This post is a reminder that new reporting requirements for trusts which were proposed in the Federal Budget 2018 are coming into effect for 2021 and subsequent taxation years. The new requirements oblige trusts to provide additional beneficial ownership information on an annual basis and file an annual T3 return even if one is not required currently.
This change will provide the CRA with enhanced information on beneficial ownership information with respect to trusts as well as enhanced assessment ability of the tax owing by trusts and its beneficiaries.
Until the end of 2020, a trust generally had to file an annual income tax (T3) return if the trust had tax payable or it distributed all or part of its income or capital to its beneficiaries. Under the new requirements, a trust that is resident or deemed resident in Canada and is an express trust, with some exceptions, will have to provide additional information on an annual basis even if the trust is inactive or has no income in the year.
An express trust is generally a trust created with the settlor’s express intent, usually made in writing. However, there are some exceptions. The following types of trusts are not required to provide additional information:
- mutual fund trusts, segregated funds and master trusts,
- trusts governed by registered plans (i.e., deferred profit sharing plans, pooled registered pension plans, registered disability savings plans, registered education savings plans, registered pension plans, registered retirement income funds, registered retirement savings plans, registered supplementary unemployment benefit plans and tax free savings accounts),
- lawyers’ general trust accounts,
- graduated rate estates and qualified disability trusts,
- trusts that qualify as non-profit organizations or registered charities,
- trusts that have been in existence for less than three months; and
- trusts that hold less than $50,000 in assets throughout the taxation year (provided that their holdings are limited to deposits, government debt obligations and listed securities).
For trusts that are not exempt from the new requirements, the identity, date of birth, address and place of residence, including taxpayer identification number (SIN or TIN) will need to be reported for:
- all trustees,
- all beneficiaries,
- all settlors, including each person who has the ability (through the trust terms or a related agreement) to exert control or override trustee decisions over the appointment of income or capital of the trust (e.g., a protector).
The new reporting will have to be filed in a new schedule along with the T3 return, not separately.
If the trust fails to file the T3 return or forgets to provide the additional information, penalties may be harsh.

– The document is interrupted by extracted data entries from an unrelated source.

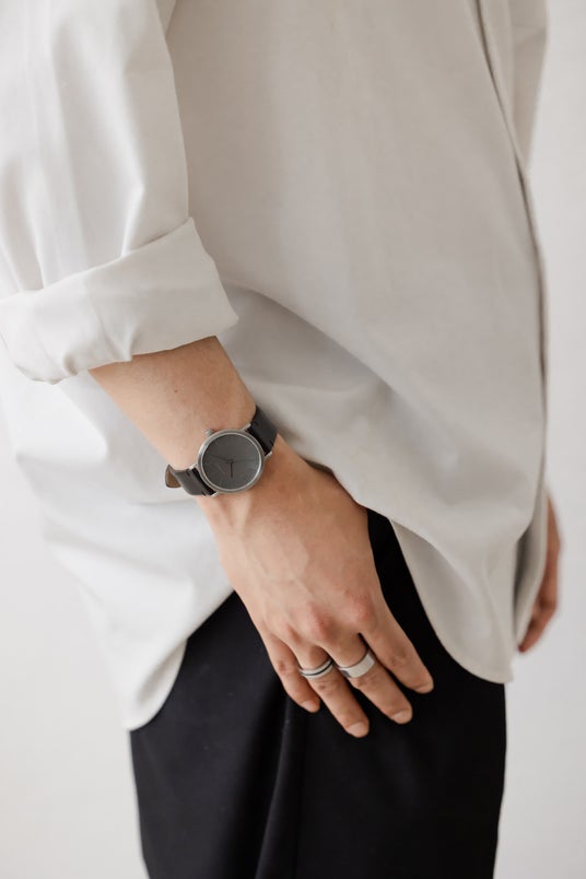ダイヤルやステッチだけでなく、ケースや尾錠など金属部分の色味まで揃え、まるでブレスレットの ような一体感を実現。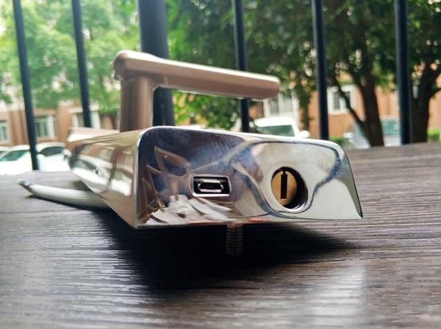 底部是机械钥匙孔和一个USB接口,非紧急情况下不建议大家使用机械钥匙开锁,这个只有在门锁指纹密码这些失效或者没电的情况下使用,而那个USB接口可以应急给门锁充电的。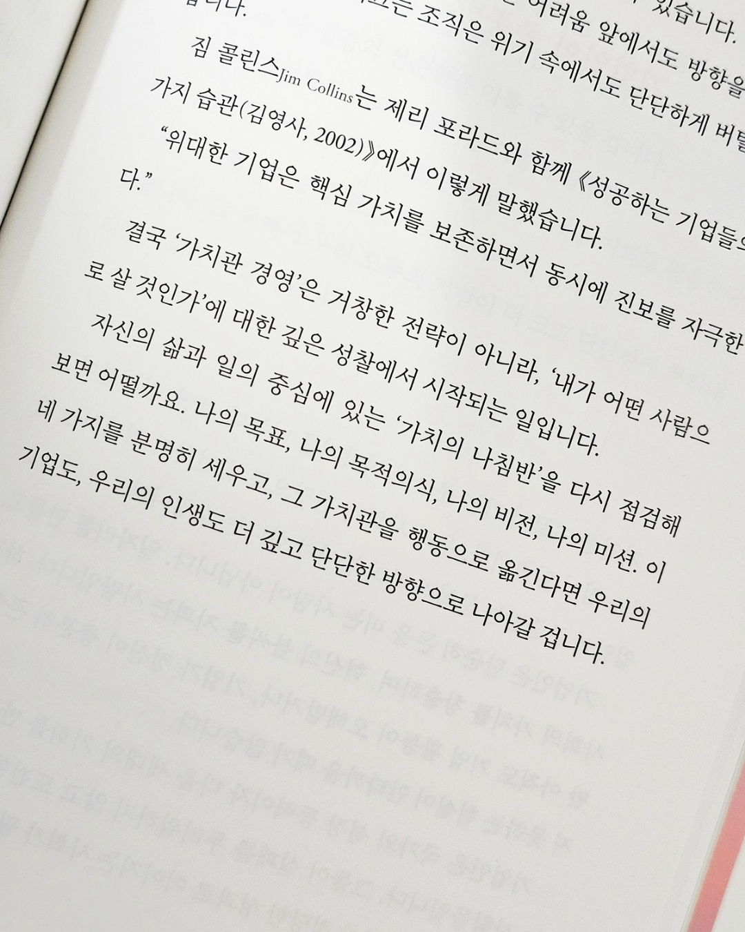 결국 가치관 경영은 내가 어떤 사람으로 살 것인가에 대한 깊은 성찰에서 시작되는 일입니다.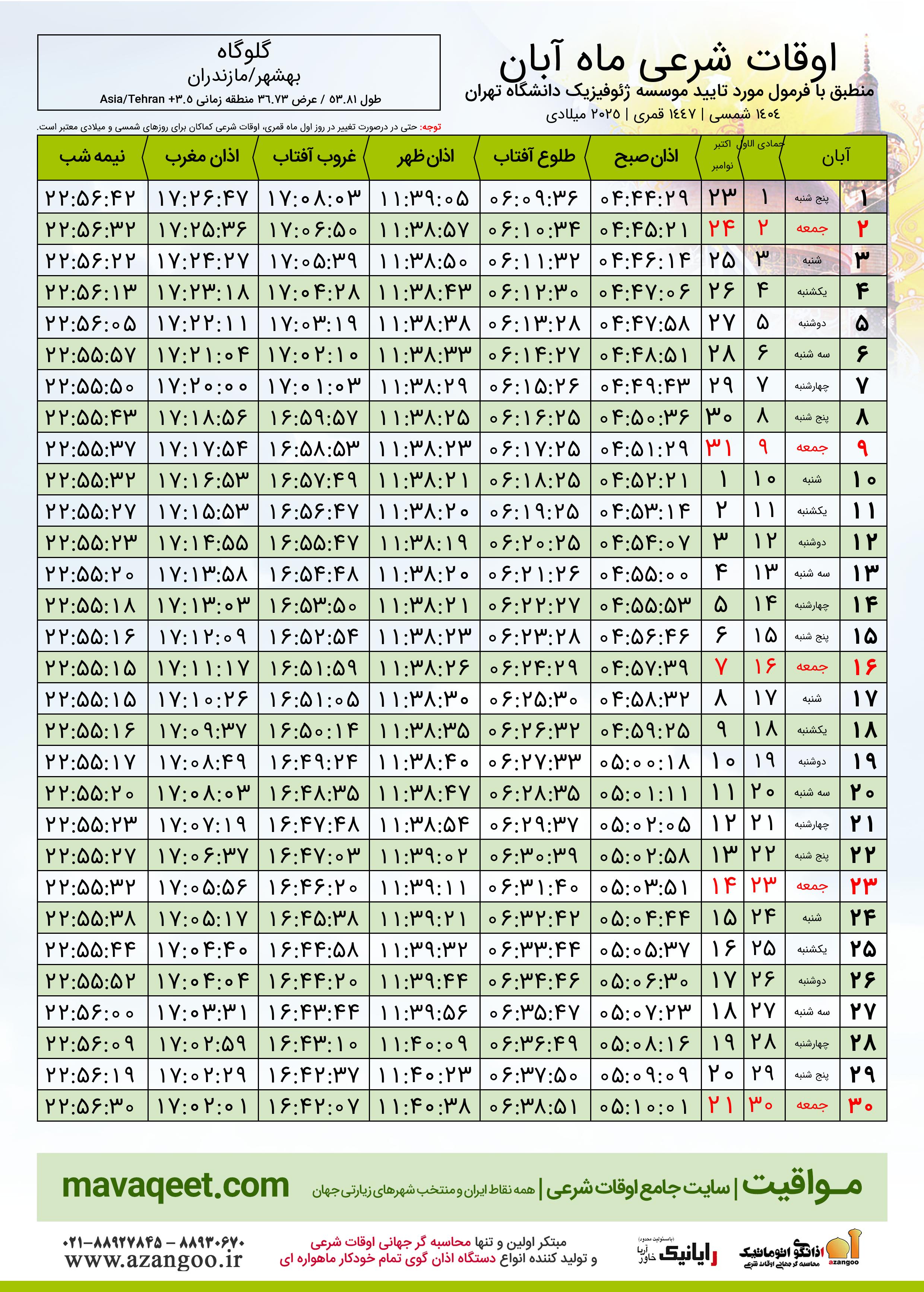 اوقات شرعی آبان ١٤٠٤ شمسی شهر گلوگاه

They will be equal to $25 for each day of delinquency, with a minimum penalty of $100 and a maximum penalty of $2,500. If a failure to file the return is made knowingly, or due to gross negligence, an additional penalty will apply. The additional penalty will be equal to 5% of the maximum value of property held during the relevant year by the trust, with a minimum penalty of $2,500.
As we are reaching the end of 2021, now is the time to compile the information necessary for the new reporting.